Ünlü yontucu Leornardo Da Vinci olağanüstü bir “işkolik”miş O nedenle yemeyi içmeyi aklına hiç düşürmez, hep unuturmuş. Soğuk ve uyduruk şeylerle idare edermiş. Çok zengin, çok para kazanan bir kişi olmasına karşılık, sofrası pek “fukara” imiş.

Jacqueline Kennedy nihayet bir kadındı ama dünya sosyetesindeki ününü ve güzelliğini koruyabilmek uğruna “gırtlağına dikkat etmek” zorundaydı elbet. Ev dışında bir lokantada yemek yemek gerektiğinde çantasından diyet listesini çıkarır ve ona bakarak ısmarlayacağını ısmarlarmış..

Usta piyanist Arthur Rubinstein günde birkaç bardak şarap, iki puro ve dört fincan kahve içerek diyet mi yapardı, yoksa piyano başından kalkmadan gün böyle böyle mi geçirirdi, bilinmez. En çok yediği piliç ve az pişmiş bir parça kırmızı etmiş.

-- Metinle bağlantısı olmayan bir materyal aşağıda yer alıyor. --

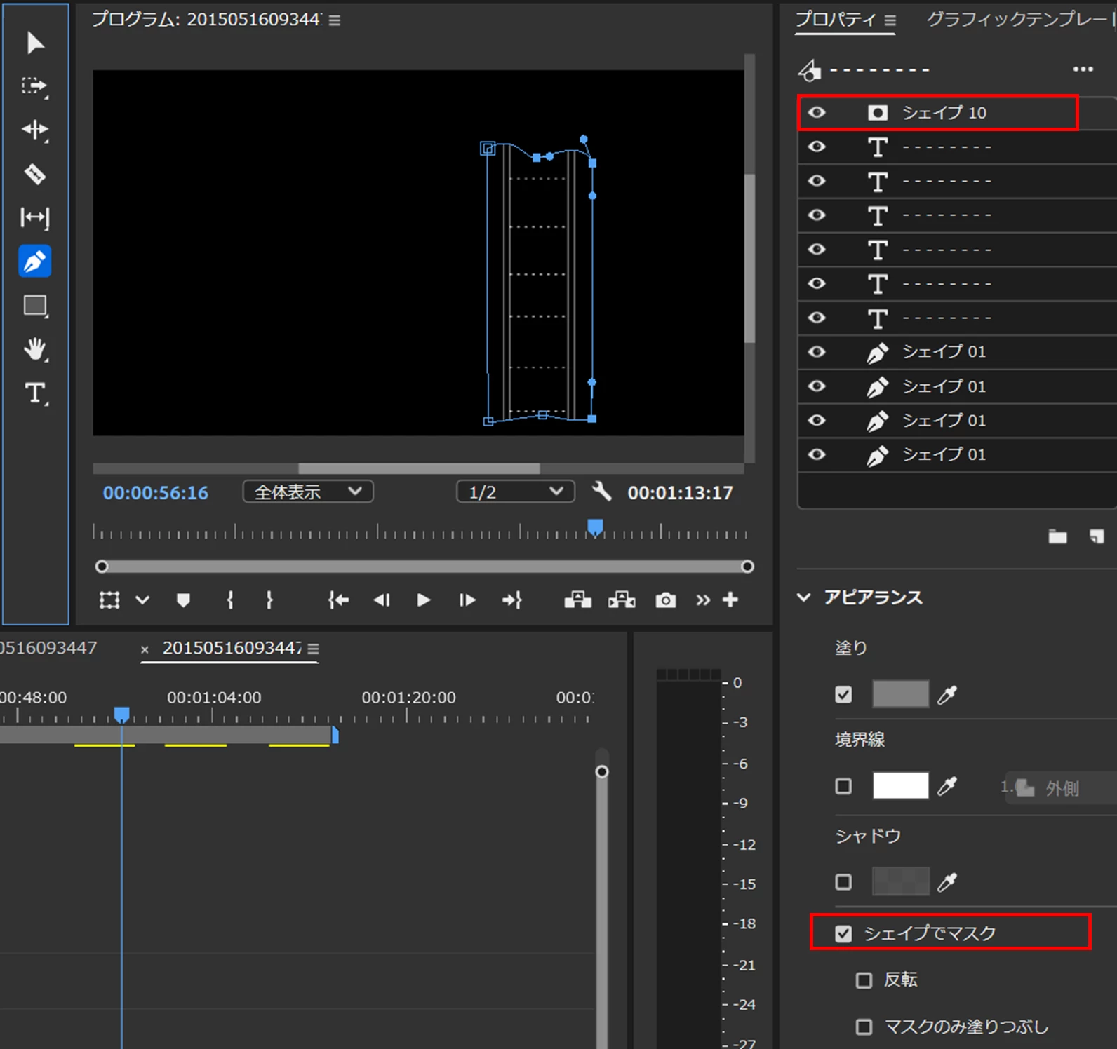 ②枠線を下から表示させるために、枠線にシェイプのマスクを作成します。

George Bernard Shaw’a gelince… Üstad, “iflah” ve ”islah olmaz” bir sebzeseverdi. Günlük yiyeceği sebze (tabii, her çeşitten ve çiğden) ve bir kasecik de yoğurttu.

Liste sizin de katkılarınızla alabildiğine uzatılabilir ve tanıdık tanımadık ummadığımız birçok insan (kadınlı erkekli), bu listede yer alabilirler.

Diyet, bir moda mıdır, bir zorunluluk, bir olmazsa olmaz mıdır? Diyet yapmadan da insan sağlıklı bir yaşam sürdürebilir mi, sürdüremez mi yoksa?

Unutmamak gerek (diyor konunun uzmanları) diyet, yemek içmekle ilgili kimi
beslenme alışkanlıklarımızdan (doğrusu, alıştıklarımızdan) uzaklaşmak,
uzaklaştırılmaktır. Alışkanlıkların kimileri bize katkıda bulunur ve eksiklerimiz varsa ve o (ya da onlar) ne ise bu diyet dediğimiz olgu aracılığında kimi yanlarımızı eksiltir ya da gereksizce çoğaltır mı?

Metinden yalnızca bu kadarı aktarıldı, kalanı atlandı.